В упорном стремлении узнать больше об этом расстройстве Фрейд и Брейер начали подвергать своих пациенток гипнозу в надежде преодолеть симптомы. Представьте себе изумление ученых, когда они обнаружили, что истерические симптомы пропадают в гипнотическом состоянии! Перчаточная анестезия, паралич, слепота – все это исчезало, чтобы вновь вернуться сразу же после выхода пациента из гипнотического состояния. Это было явным доказательством нефизиологической основы истерических симптомов. Для того чтобы больше узнать об этих страдающих истерией женщинах, Фрейд и Брейер стали задавать им вопросы и просить высказывать все, что приходило им на ум. Удалось четко установить два момента. Во-первых, выяснилось, что эти симптомы, несмотря на всю их причудливость, не особенно беспокоят больных. Можно было бы представить, что такие крайне выраженные симптомы при отсутствии объяснимой причины повергнут человека в тревогу. Вместо этого женщины демонстрировали то, что Шарко (Charcot) назвал "прекрасным равнодушием истерика". Во-вторых было обнаружено, что эти женщины знали и понимали себя меньше, чем свободные от таких симптомов люди. Друзья пациентки часто могли больше рассказать о ее прошлом, чем она сама. Кроме того, пациентки проявляли мало любопытства и осведомленности в том, что происходило с ними и окружающим миром. Их разум был в удивительной степени некритичным. Но, когда их заставляли вспоминать некоторые события детства, совмещая воздействие от высказывания всего, что приходит в голову, с интерпретацией их слов врачом, они часто испытывали сильную тревогу. По мере накопления таких сопоставлений тревога уменьшалась, то же происходило и с симптомами, а кроме того, им становилось все легче вспоминать события собственного прошлого.
Эти наблюдения привели Фрейда и Брейера к объяснению истерии, в котором особое внимание уделялось понятию защиты. С их точки зрения, совершенно очевидно, что истерия вызывается психологическими, а не физиологическими причинами. Непосредственная причина – в механизме защиты, вытеснении, в результате которого происходит блокирование действий и мыслей. Каких действий и мыслей? Естественно тех, которые могут спровоцировать тревогу. Что это может быть? Очевидно, это те мысли и действия, которые могли бы привести к наказанию со стороны общества или заставить человека чувствовать свою вину. Поэтому более глубокой причиной является конфликт, который, в силу своей способности вызвать тревогу, приводит к защите.

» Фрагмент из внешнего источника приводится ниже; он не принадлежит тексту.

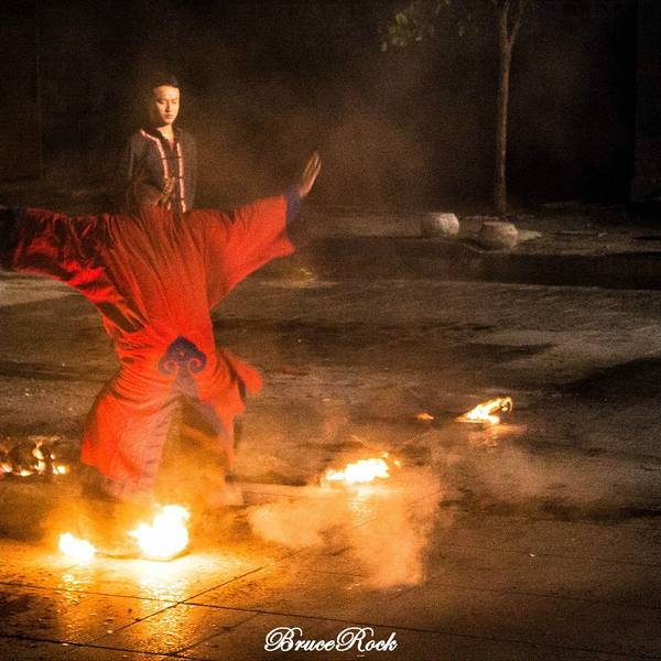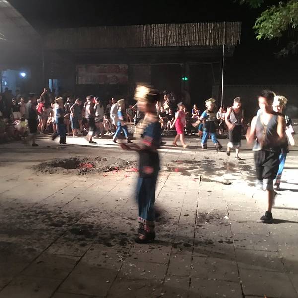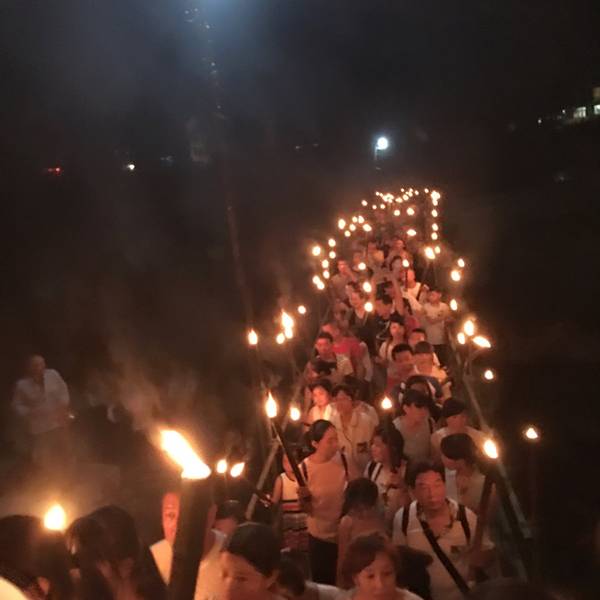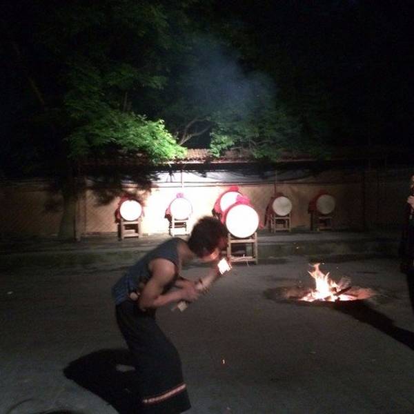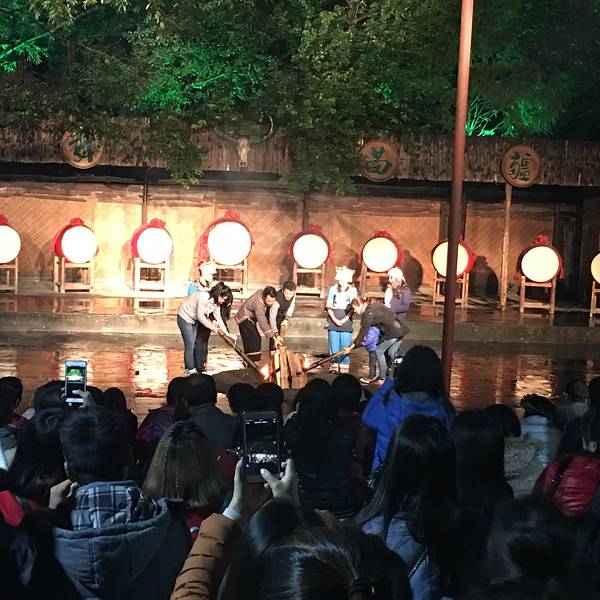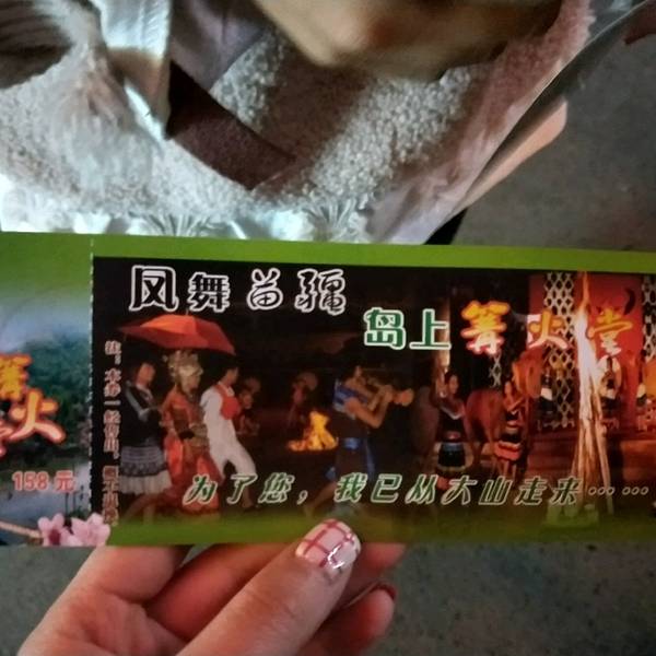 一起互动很好玩。来的时候给了火把给我们,好好玩,到了舞台,刚开始,在跳竹竿舞。还是蛮美好的回忆原本打算明晚再去看篝火晚会,谁知古城这么小一下子就逛完了..那就今晚就看篝火晚会吧~马上向客栈老板订票,35块钱,不贵不便宜,当然能更便宜的买到,不过无所谓了~一路认识了景德镇一个人来凤凰的鹏哥萌妹纸~萌萌哒

Но поскольку действия и мысли, против которых направлена защита, важны для человека, они не могут уйти под ее воздействием в небытие. Они должны найти какое-то проявление. Симптомы – это их искаженное проявление. Отсюда нужно было только совершить тройной прыжок к определению других защитных механизмов и конфликтов, лежащих в основе других психопатологических состояний. Так была введена в действие необычайно мощная модель защиты. Затем занимающиеся психопатологией персонологи разработали теорию защит более подробно, где-то ее упростили, но в основном оставили без изменений. Где бы мы ни встретились с этой теорией, она неизбежно включает конфликт, ведущий к тревоге, которая, в свою очередь, ведет к защите, принимающей форму отрицания осознавания конфликта для того, чтобы избежать тревоги.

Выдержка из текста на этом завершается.